В программе "Цифровая экономика Российской Федерации", утвержденной в июле этого года, действительно потребительскому Интернету вещей внимание практически не уделяется. В основном речь идет о промышленном Интернете: медицина, "умные города", государственное управление и т. д. А ведь что такое потребительский Интернет вещей? Это "интеллектуальные" холодильники, кофеварки, мясорубки – все бытовые приборы, и в каждом – несколько полупроводниковых изделий. Это огромный рынок для микроэлектроники. А поскольку у нас большинство бытовых приборов импортные, то при таком сценарии мы будем снова, фактически, финансировать зарубежных производителей.
И, к слову сказать, США уделяют большое внимание свободе трансграничного обмена данными. То есть, например, кофеварка в Воронеже должна иметь возможность "поговорить" с кофеваркой в Оклахоме. Это тоже мера, направленная на расширение рынков сбыта. Мы уже сейчас видим проявления этого, например в облачных вычислениях.
А стоит ли нам перенимать подход Соединенных Штатов и делать ставку на потребительский Интернет вещей?
Вообще говоря, по какому сценарию нам идти дальше – это вопрос дискуссионный. Но в любом случае нужно понимать, что при постановке целей нужно уделять первоочередное внимание экономическим показателям и игнорировать такой важный рынок, как потребительский Интернет вещей, нельзя.
Однако я не сторонник того, чтобы наши электронная и радиоэлектронная отрасли двигались по пути, выбранному мировыми лидерами. Модель, по которой уже много лет развивается мировая электроника, я называю моделью "двойного сокращения", поскольку она предполагает сокращение времени жизни производимого продукта и сроков разработки нового. Это очень хорошо заметно на примере смартфонов: нас фактически вынуждают менять смартфоны всё чаще и чаще. Даже если ваш смартфон достаточно долго проработает, через какое-то время вы не сможете устанавливать на него обновления программ, приобретать аксессуары и т. п.

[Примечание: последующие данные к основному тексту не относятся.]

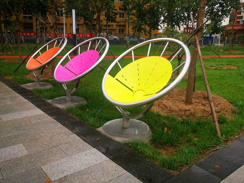 造型別致的椅子供游人們休息,鮮艷的色彩,就像是盛開的花朵。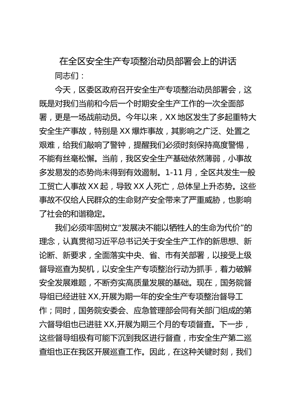 在全區(qū)安全生產(chǎn)專項(xiàng)整治動(dòng)員部署會(huì)上的講話VIP免費(fèi)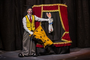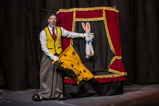 Clown Marco Mariani spielt auf dem Saxophon und dirigiert den Applaus. In einer weiteren Reprise agiert der Clown auf einer Art Puppenbühne. Kaum zeigt sich der Clown darauf, scheinen seine Gliedmaßen enorm zu wachsen. Auch die Vermehrung von (Stoff) Hasen gelingt auf magische Weise und schließlich tanzt er, magisch „geschrumpft“. Natürlich erleben wir ihn auch mit seinem Box-Entrée mit fünf Mitspielern aus dem Publikum.

Этой модели следуют крупнейшие мировые производители, и они очень сильно оторвались от нас в технологическом и экономическом плане. Этот факт всем хорошо известен. Например, глобальный рынок полупроводников согласно SIA 2016 FactBook оценивается в 335 млрд долл., 50% его занимают США, 17% – Южная Корея, 11% – Япония, 9% – Европа, 6% – Тайвань и 4% – Китай. Если это всё сложить, остается еще 3%. Наша страна как раз попадает в эту оставшуюся часть. Но несмотря на очевидность нашего отставания, никто не проводил достаточно полного и глубокого анализа его причин.
Во-первых, можно заметить, что у нас в течение последних 25 лет не было условий для роста предприятий и поддержки больших компаний, что привело к фактическому отсутствию отечественных электронных производств, хоть сколько-нибудь крупных по международным меркам. Второй важный аспект заключается в том, что микроэлектронная промышленность у нас рассматривается как самостоятельная отрасль, которая должна выходить на глобальные рынки и конкурировать на них, фактически работая по модели "двойного сокращения". Но мы не умеем работать по этой модели. В Советском Союзе мы работали совершенно по-другому: это была модель долгоживущей и ремонтопригодной продукции. И мое мнение заключается в том, что нам следует развивать в первую очередь те направления, которые никогда не смогут перейти на модель "двойного сокращения": готовые системы для авиастроения, энергетики, в том числе атомной, железнодорожного транспорта и т. п.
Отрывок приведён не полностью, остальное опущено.